WORK TO COMPLETE
What is needed is an exact copy of the line that contains "-. Feature : 30" and of all later lines to the end of the records below, with no other lines.

PROVIDED DATA
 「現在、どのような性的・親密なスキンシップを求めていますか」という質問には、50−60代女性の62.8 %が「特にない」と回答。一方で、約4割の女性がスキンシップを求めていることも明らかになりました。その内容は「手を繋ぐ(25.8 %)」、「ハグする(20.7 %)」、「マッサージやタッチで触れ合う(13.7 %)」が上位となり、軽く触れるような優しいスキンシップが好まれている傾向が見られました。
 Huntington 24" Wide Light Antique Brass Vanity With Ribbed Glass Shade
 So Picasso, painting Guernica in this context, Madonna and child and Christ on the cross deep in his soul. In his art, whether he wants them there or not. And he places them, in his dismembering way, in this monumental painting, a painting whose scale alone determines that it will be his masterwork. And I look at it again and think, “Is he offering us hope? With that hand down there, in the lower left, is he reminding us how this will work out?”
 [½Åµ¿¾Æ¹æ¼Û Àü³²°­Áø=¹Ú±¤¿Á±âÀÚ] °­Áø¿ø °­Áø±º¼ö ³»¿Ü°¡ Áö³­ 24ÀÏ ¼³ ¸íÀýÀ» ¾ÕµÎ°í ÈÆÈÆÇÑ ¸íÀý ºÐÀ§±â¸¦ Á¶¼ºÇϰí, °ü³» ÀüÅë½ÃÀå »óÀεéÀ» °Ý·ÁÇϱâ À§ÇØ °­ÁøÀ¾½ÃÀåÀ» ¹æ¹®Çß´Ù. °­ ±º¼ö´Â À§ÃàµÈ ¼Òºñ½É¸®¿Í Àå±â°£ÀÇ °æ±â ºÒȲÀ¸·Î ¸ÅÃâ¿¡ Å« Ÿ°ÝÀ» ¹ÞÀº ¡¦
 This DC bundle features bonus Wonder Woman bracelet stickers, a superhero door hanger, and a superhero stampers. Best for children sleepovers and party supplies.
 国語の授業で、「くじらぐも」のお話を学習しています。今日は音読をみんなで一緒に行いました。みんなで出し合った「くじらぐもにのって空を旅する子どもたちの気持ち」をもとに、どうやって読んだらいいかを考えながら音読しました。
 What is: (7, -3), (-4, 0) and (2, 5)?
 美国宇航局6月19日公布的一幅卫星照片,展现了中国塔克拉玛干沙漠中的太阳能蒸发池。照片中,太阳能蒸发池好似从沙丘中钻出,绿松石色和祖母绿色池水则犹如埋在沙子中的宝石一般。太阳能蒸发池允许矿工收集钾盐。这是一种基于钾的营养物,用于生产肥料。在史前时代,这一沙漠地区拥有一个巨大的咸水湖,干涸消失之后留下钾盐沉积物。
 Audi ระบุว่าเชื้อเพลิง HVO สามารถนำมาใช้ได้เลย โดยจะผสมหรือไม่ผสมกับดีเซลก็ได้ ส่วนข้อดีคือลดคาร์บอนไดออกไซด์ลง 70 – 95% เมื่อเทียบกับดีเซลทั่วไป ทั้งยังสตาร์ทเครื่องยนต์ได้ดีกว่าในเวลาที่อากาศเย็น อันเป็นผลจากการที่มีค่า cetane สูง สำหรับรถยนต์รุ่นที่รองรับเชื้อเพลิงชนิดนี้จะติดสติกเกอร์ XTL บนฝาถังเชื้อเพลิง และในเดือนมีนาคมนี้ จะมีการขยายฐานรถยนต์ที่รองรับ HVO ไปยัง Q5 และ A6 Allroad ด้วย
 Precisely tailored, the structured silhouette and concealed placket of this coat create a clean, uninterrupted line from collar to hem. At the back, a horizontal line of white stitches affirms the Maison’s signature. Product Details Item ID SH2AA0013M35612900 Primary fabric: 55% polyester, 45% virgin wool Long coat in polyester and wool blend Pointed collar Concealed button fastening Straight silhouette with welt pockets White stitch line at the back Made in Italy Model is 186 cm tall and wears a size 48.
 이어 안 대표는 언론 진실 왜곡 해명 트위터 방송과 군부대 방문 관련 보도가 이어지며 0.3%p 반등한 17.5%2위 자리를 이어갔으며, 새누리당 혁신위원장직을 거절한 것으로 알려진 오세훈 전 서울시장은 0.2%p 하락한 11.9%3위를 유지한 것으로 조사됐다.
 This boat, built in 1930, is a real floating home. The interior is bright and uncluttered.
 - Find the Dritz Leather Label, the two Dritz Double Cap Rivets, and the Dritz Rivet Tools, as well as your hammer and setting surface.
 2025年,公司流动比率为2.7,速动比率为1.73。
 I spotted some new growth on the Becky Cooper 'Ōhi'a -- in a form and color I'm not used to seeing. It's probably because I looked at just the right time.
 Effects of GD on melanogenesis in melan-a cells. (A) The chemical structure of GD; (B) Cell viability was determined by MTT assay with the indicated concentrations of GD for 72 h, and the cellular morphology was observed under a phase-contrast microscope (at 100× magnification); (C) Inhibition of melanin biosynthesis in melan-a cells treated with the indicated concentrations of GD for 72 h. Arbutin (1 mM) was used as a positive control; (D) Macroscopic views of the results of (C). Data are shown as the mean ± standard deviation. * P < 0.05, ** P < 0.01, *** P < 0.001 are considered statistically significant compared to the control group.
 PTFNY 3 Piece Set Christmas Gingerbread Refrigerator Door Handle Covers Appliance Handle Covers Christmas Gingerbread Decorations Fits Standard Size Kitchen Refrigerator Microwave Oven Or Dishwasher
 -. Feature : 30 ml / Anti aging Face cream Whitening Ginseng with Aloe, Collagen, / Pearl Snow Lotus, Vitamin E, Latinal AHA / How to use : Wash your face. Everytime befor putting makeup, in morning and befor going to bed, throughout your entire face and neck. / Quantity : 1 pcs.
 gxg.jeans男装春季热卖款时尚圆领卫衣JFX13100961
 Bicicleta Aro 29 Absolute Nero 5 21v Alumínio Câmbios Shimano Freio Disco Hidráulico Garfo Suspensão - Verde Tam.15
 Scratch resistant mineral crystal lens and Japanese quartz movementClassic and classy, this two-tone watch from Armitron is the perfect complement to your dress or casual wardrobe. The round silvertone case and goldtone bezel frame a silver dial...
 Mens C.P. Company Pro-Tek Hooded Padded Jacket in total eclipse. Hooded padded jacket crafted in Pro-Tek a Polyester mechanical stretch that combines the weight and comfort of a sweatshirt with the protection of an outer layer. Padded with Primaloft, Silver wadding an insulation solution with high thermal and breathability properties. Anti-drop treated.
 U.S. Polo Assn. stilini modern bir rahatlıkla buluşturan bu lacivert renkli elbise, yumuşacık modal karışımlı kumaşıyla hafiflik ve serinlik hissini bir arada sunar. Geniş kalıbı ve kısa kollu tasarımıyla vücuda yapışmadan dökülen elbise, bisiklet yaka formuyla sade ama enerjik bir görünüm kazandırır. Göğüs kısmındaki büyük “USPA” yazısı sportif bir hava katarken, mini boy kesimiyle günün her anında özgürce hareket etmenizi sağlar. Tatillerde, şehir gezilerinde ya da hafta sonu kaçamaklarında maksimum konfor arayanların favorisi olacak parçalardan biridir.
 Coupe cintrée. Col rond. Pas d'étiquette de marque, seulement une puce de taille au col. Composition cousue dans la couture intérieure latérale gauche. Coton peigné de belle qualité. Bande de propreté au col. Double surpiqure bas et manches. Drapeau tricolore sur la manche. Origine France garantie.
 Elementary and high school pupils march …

EXERCISE ANSWER
 -. Feature : 30 ml / Anti aging Face cream Whitening Ginseng with Aloe, Collagen, / Pearl Snow Lotus, Vitamin E, Latinal AHA / How to use : Wash your face. Everytime befor putting makeup, in morning and befor going to bed, throughout your entire face and neck. / Quantity : 1 pcs.
 gxg.jeans男装春季热卖款时尚圆领卫衣JFX13100961
 Bicicleta Aro 29 Absolute Nero 5 21v Alumínio Câmbios Shimano Freio Disco Hidráulico Garfo Suspensão - Verde Tam.15
 Scratch resistant mineral crystal lens and Japanese quartz movementClassic and classy, this two-tone watch from Armitron is the perfect complement to your dress or casual wardrobe. The round silvertone case and goldtone bezel frame a silver dial...
 Mens C.P. Company Pro-Tek Hooded Padded Jacket in total eclipse. Hooded padded jacket crafted in Pro-Tek a Polyester mechanical stretch that combines the weight and comfort of a sweatshirt with the protection of an outer layer. Padded with Primaloft, Silver wadding an insulation solution with high thermal and breathability properties. Anti-drop treated.
 U.S. Polo Assn. stilini modern bir rahatlıkla buluşturan bu lacivert renkli elbise, yumuşacık modal karışımlı kumaşıyla hafiflik ve serinlik hissini bir arada sunar. Geniş kalıbı ve kısa kollu tasarımıyla vücuda yapışmadan dökülen elbise, bisiklet yaka formuyla sade ama enerjik bir görünüm kazandırır. Göğüs kısmındaki büyük “USPA” yazısı sportif bir hava katarken, mini boy kesimiyle günün her anında özgürce hareket etmenizi sağlar. Tatillerde, şehir gezilerinde ya da hafta sonu kaçamaklarında maksimum konfor arayanların favorisi olacak parçalardan biridir.
 Coupe cintrée. Col rond. Pas d'étiquette de marque, seulement une puce de taille au col. Composition cousue dans la couture intérieure latérale gauche. Coton peigné de belle qualité. Bande de propreté au col. Double surpiqure bas et manches. Drapeau tricolore sur la manche. Origine France garantie.
 Elementary and high school pupils march …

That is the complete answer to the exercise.